Мужичок вскинул на меня мутные и серые, как осенняя лужа, глазки. Секунду он смотрел сквозь меня, словно пытаясь сфокусироваться на внезапно возникшем объекте, но потом его лицо просветлело.

– А? Да-да, конечно! Присаживайтесь, мил человек! Вместе веселее!

* * *

Так я познакомился с механиком Тучковым, как он представился, пожав мне руку вялой, влажной ладонью. Коренной волгарь, астраханец до мозга костей. Худой, жилистый, с лицом цвета речного ила и преждевременной сединой на висках. Возраст его был загадкой – то ли ему было под шестьдесят, и он хорошо сохранился, то ли едва за сорок, но жизнь его изрядно потрепала. И было в нем что-то неуловимо знакомое… Ба! Да это же вылитый Кулигин из «Грозы» Островского! Не спрашивайте, откуда я помню Островского – видимо, остаточные знания из прошлой жизни иногда всплывают в самые неподходящие моменты. Тот самый «мещанин, часовщик-самоучка, отыскивающий перпетуум-мобиле». И, как оказалось, мое определение попало в самую точку.

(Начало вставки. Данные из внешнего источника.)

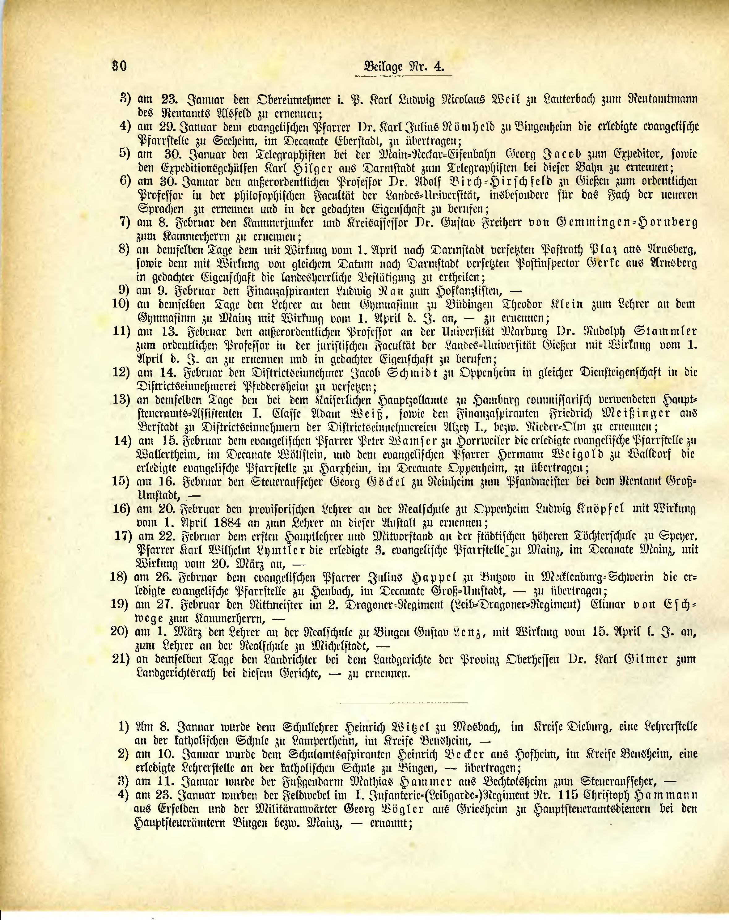 | 21) | an demselben Tage den Landrichter bei dem Landgerichte der Provinz Oberhessen Dr. Karl Gilmer zum Landgerichtsrath bei diesem Gerichte, - zu ernennen. |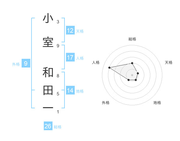 小室 和田一さんの地格は14画の1点!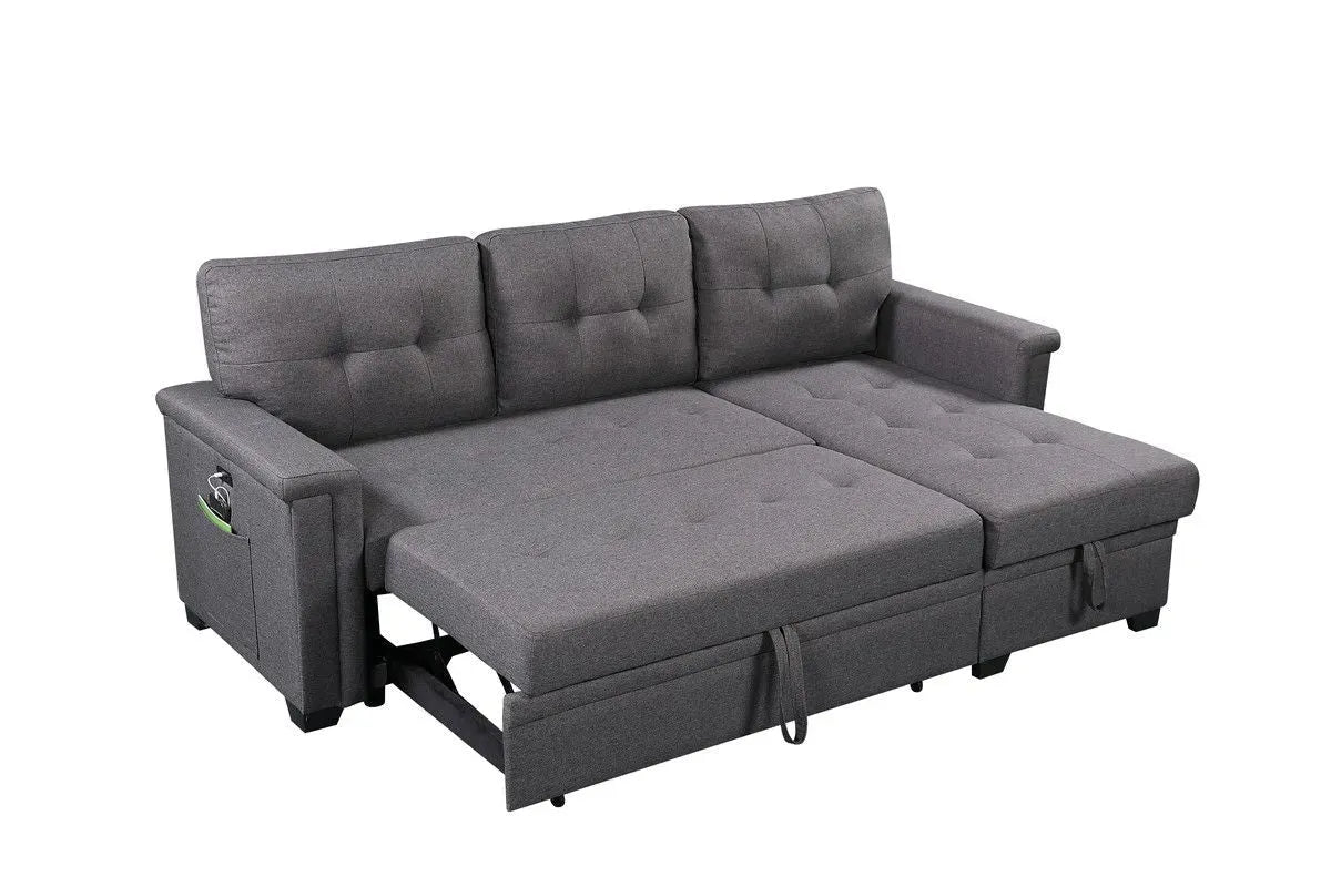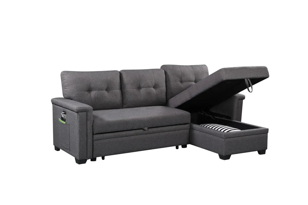 Nathan 84" Dark Gray Reversible Sleeper Sectional Sofa with Storage Chaise, USB Charging Ports and Pocket

– Работал я в рыбколхозе, значит, – начал Тучков свой рассказ, едва я заказал себе сто грамм водки и порцию тех же бефстроганов. Пока не принесли водку, он мне любезно предложил свой портвейн. Я любезно согласился, и мы немедленно выпили за знакомство. – И вот, понимаешь, задача: переоборудовали мы списанное траловое судно под рефрижератор. Вещь нужная, рыбу морозить. А условия-то – колхозные! Не завод! – Он достал из кармана замызганный блокнот и огрызок химического карандаша, раскрыл и с энтузиазмом принялся чертить. – Вот, гляди, прямоугольник – это трюм. Листовое железо – десять миллиметров! – Он старательно вывел цифры твердым, почти чертежным почерком. – Понимаешь, десять! Тяжело! В колхозных условиях, – снова подчеркнул он, словно извиняясь за несовершенство мира.

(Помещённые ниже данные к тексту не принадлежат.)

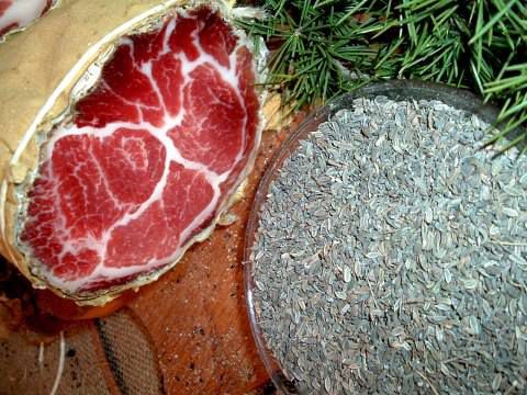 È la parte del collo del suino, una volta salato e speziato per qualche giorno viene messo a stagionare. Il finocchio selvatico in semi insieme ad altre spezie gli conferisce un gusto finale gradevolissimo e delicato.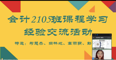 2.会计学B2105班班主任陈夏,于11月24日,邀请李小敏、方芳两位老师线上开展了大学数学、英语专业学习方法的讲座。两位老师为学生介绍了“做好预习、认真听课、认真解题、及时纠错、学会总结、学会管理”等六步法,帮助学生更好地学好大学数学、英语基础课程。于12月12日,邀请研究生勾慧杰及2019级高雨萌、2020级尚林屹等本科生开展数学、英语等基础课程学习经验交流活动。几位学生分别从毕业选择、英语好词好句积累、数学学习方法角度入手,鼓励大家做好积累,端正学习态度。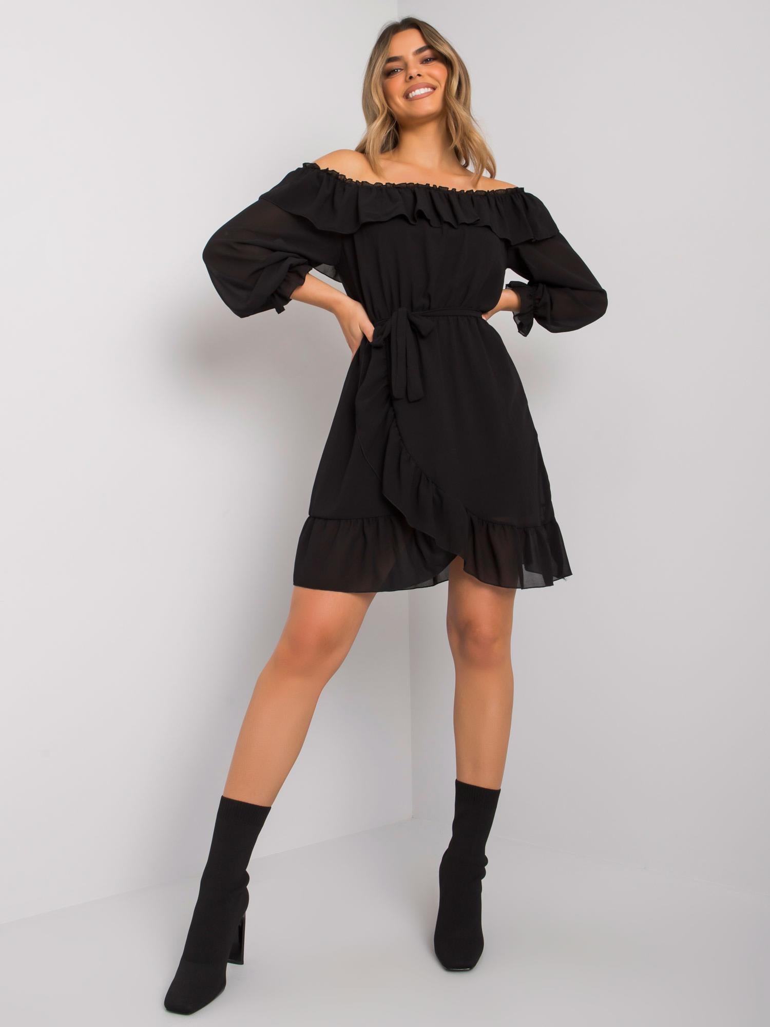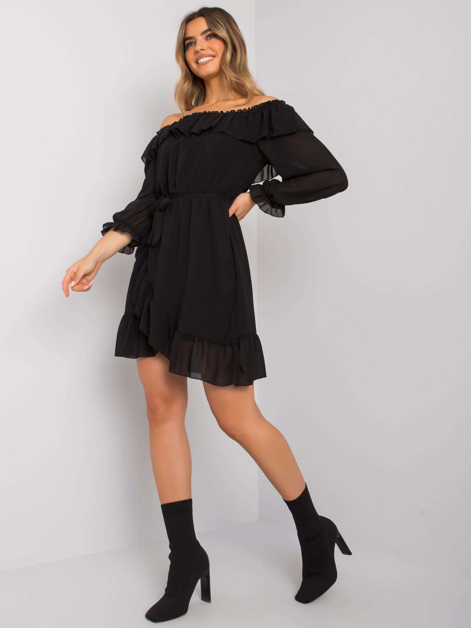 OCH BELLA Czarna sukienka z długim rękawem.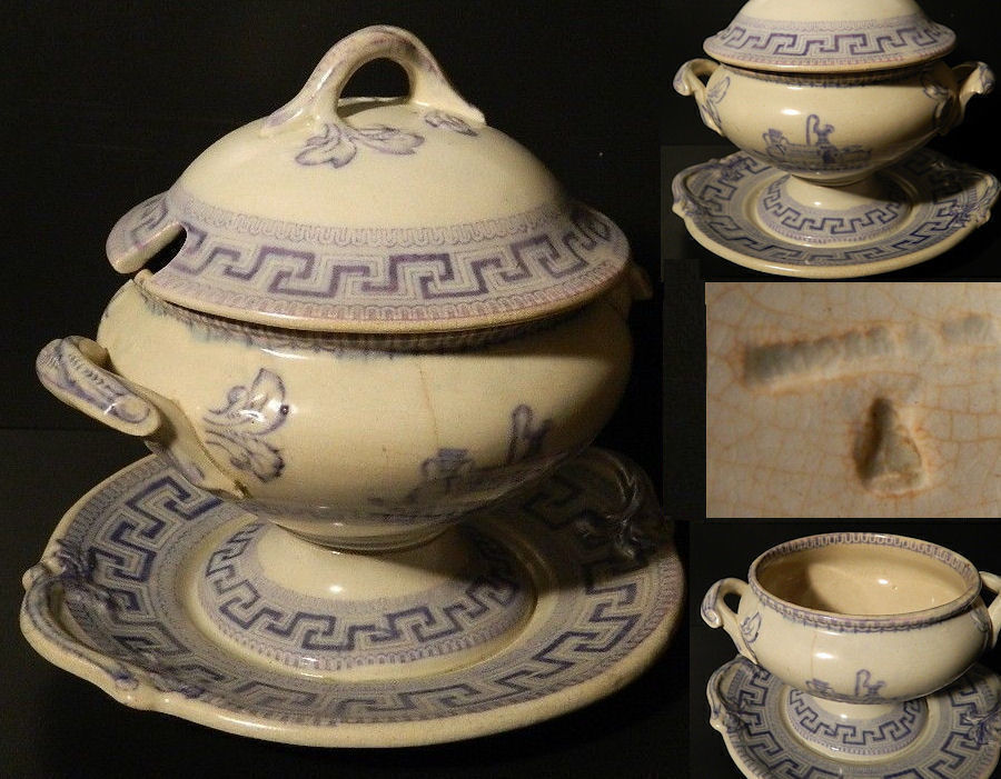 An update in late Nov. 2013. While there are changes to this total website quite literally every day of the year, those changes are rarely in the site's few pottery pages. I am inspired however to modify this page today having fortunately found this e-Bay page featuring a magnificent tureen, by Moore & Co., believed to date from c.1820. 7 1/2 inches tall. Do drop by & see all of the vendor's many fine listing images. A quickly prepared composite of a few of those images follows.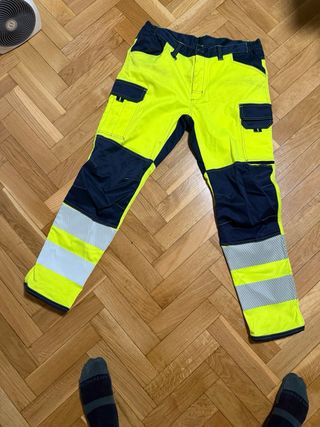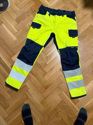 Pantalones de trabajo de alta visibilidad en color amarillo fluorescente y azul marino. - Diseño con múltiples bolsillos. - Bandas reflectantes plateadas en las piernas. - Cintura elástica.
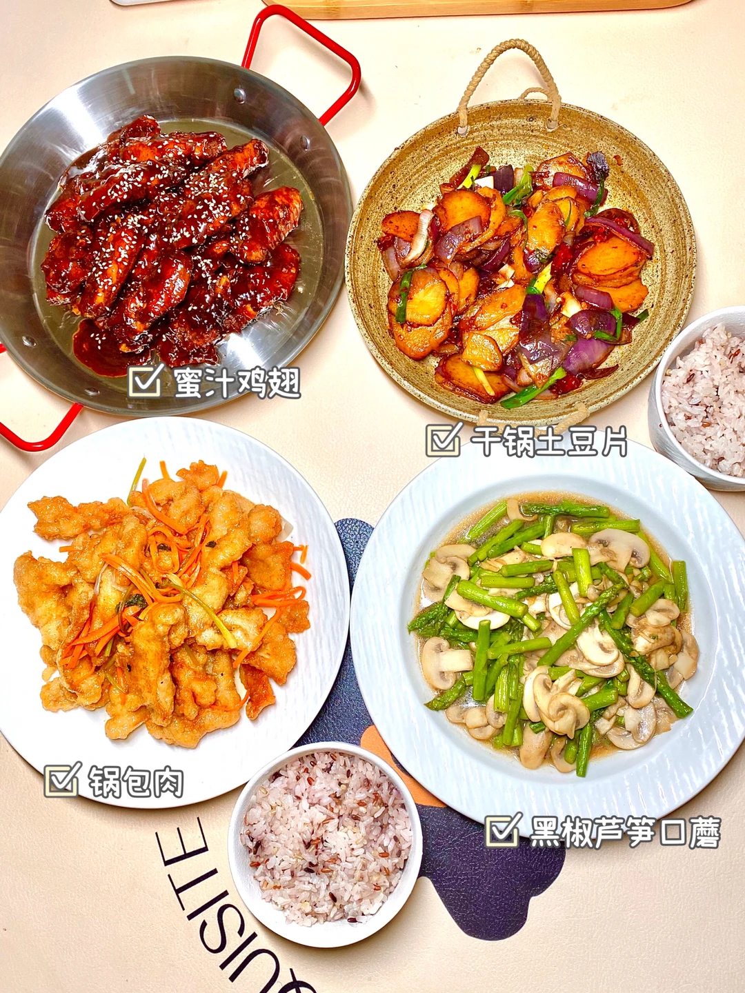 1⃣️蜜汁鸡翅、干锅土豆片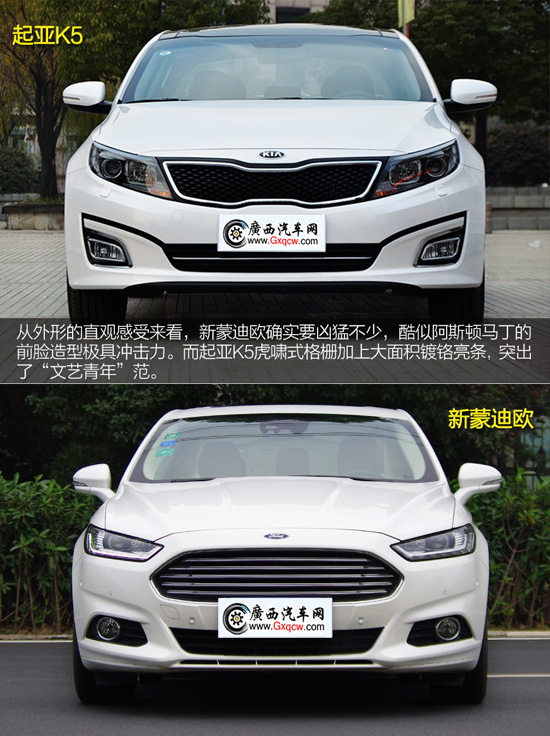 由于2014款K5繼續(xù)享受老款的優(yōu)惠,所以我們選擇K5 2.0T AT-Special和新蒙迪歐2.0L GTDI200豪華型來作為對比車型,兩車優(yōu)惠過后售價大約在22萬元。

Я кивнул с умным видом, хотя в судостроении понимал примерно столько же, сколько в балете суринамских жаб. Но слушал с неподдельным интересом. Во-первых, это было всяко лучше, чем Колькины байки про тайгу. А во-вторых, Тучков был по-своему гениален в своем техническом безумии.

– И вот, в каждом листе, значит, прорезали прямоугольник, – продолжал он, рисуя еще один прямоугольник внутри первого. Он замолчал, испытующе глядя на меня, словно, ожидая восхищения инженерной мыслью. Я снова кивнул, изображая глубокое понимание.

– Так я ж предложил! – Тучков оживился, карандаш в его руке заплясал по странице блокнота. – Говорю, идея-то в чертежах хорошая, спору нет! Но не надо ж слепо выполнять! Зачем, к примеру, вот здесь карман? – Он нарисовал нечто, отдаленно напоминающее сердечко с отрезанным верхом. – Туда ж рыба попадет, гнить будет! Антисанитария! Я говорю: мужики, не по чертежам надо! Можно же стальной лист и пять миллиметров взять! Легче будет, металла меньше уйдет! И основание сделать круглое! Понимаешь? Круглое! При ударе о прямоугольник – травма! А если – штормовая ситуация⁈ О людях думать надо! – он почти кричал, размахивая карандашом. – А директор что? «Делайте, – говорит, – как указано! Все будут довольны, а за неполадки пусть конструкторское бюро отвечает!» Тьфу!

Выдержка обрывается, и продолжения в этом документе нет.